How Real-Time Cloning Works

They pointed out that with that technology, attackers were left with two alternatives. They could use a set of pre-recorded sentences, which would present obvious problems when trying to have a real-time conversation, or they could input sentences into the TTS model on the fly, which would introduce unnatural delays in the cloned responses.

The researchers were able to route the signal from an attacker’s microphone to a real-time voice modulator that utilized a machine learning (ML) model of a person’s voice. As the attacker spoke, what the target heard was the cloned voice from the ML model.

The researchers also noted that the audio signal could be routed directly to applications like Microsoft Teams or Google Meet, allowing the use of AI-impersonated voices in popular messaging applications during a voice call in real time.

“In this proof of concept,” they added, “the impersonated individual’s phone number was spoofed with their consent. Like traditional vishing, spoofing is used to exploit the trust the victim will have when they are presented with a familiar caller ID on their device.”

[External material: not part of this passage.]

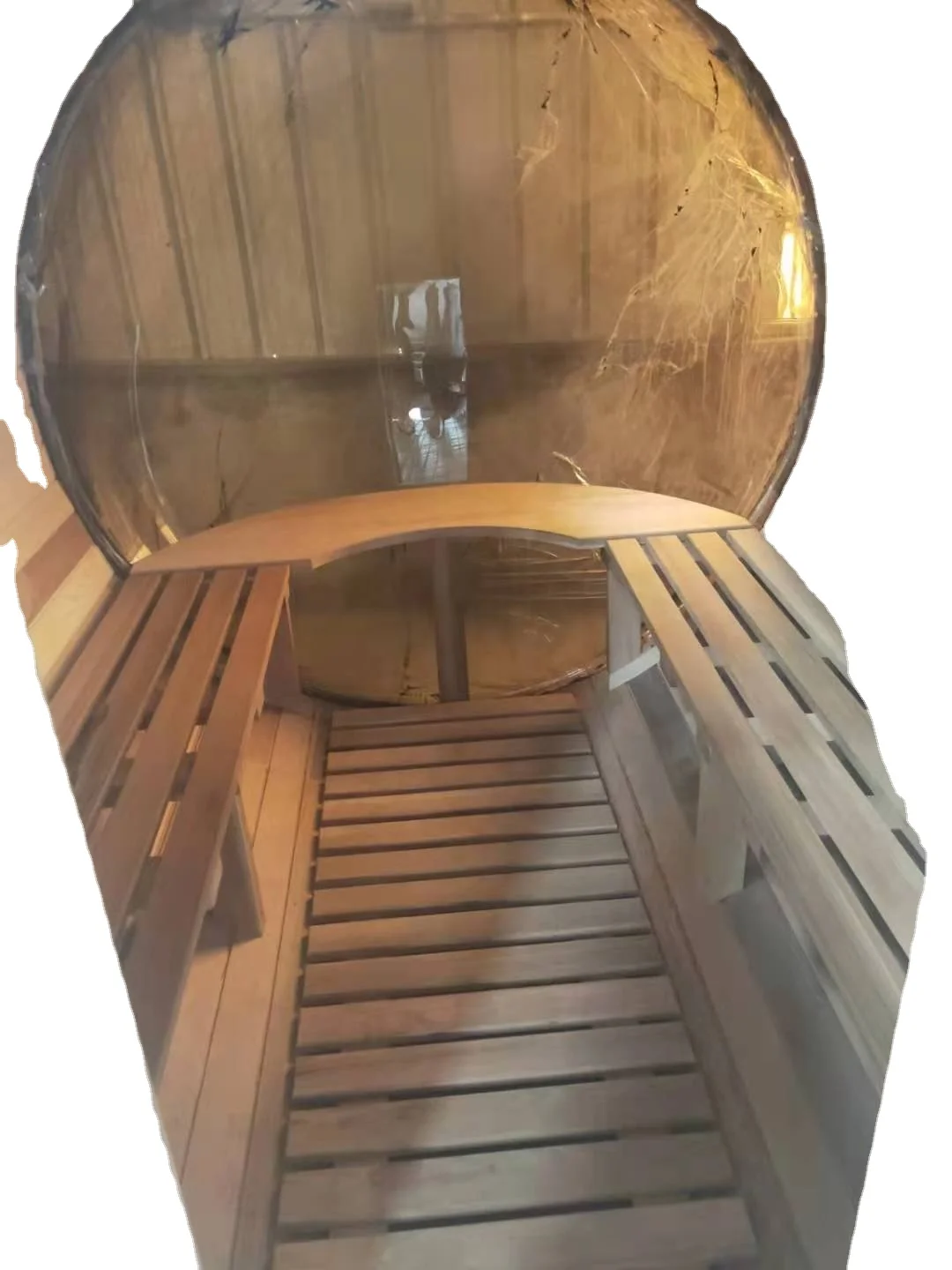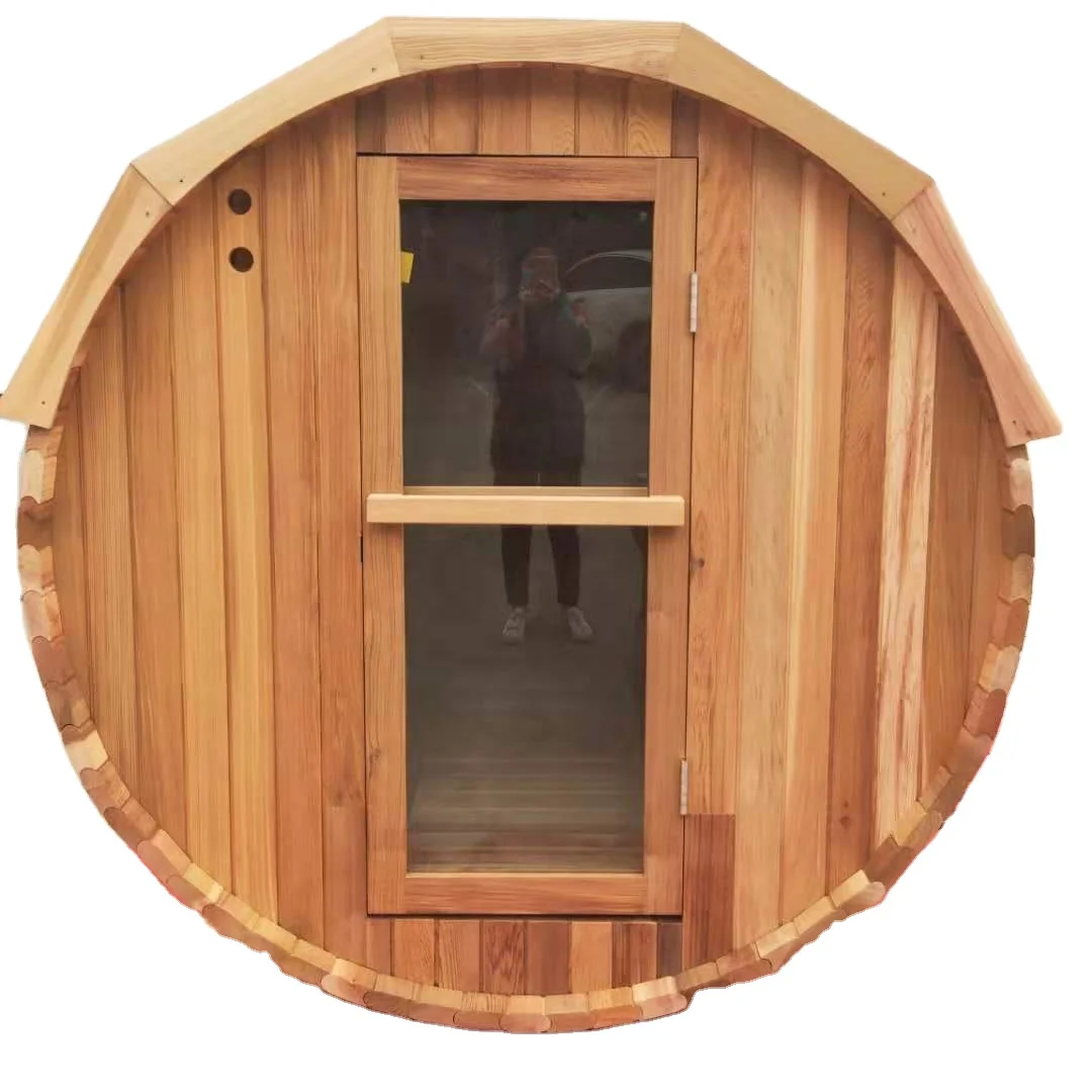 2021 Popular 4-6 Person 1800*2400 MM Outdoor Sauna Room With Porch Traditional Solid Wood Canadian Pine/Hemlock/Red Barrel

Although the technology was not mature enough to support real-time cloned voice vishing until recently, that is no longer the case. [T]he reality today is that the tools and infrastructure needed for real-time voice cloning are accessible to those with even limited technical and financial means,” the researchers wrote.

“It is worth pointing out that this was all possible using hardware, audio sources, and audio processing software that were all ‘good enough’, rather than being exceptional,” they noted. “That is, the financial outlay to achieve our results would certainly be within the reach of many individuals and certainly of a small organization.”

Proliferating Technology

Real-time cloning is highly significant for vishers, noted Matthew Harris, senior product manager for fraud protection at Crane Authentication, a global brand protection and product security company. “Victims rely on the caller’s number, voice, and message content — all of which can be spoofed or cloned,” he told TechNewsWorld. “Real-time voice cloning makes the scam more believable and increases the chances of success.”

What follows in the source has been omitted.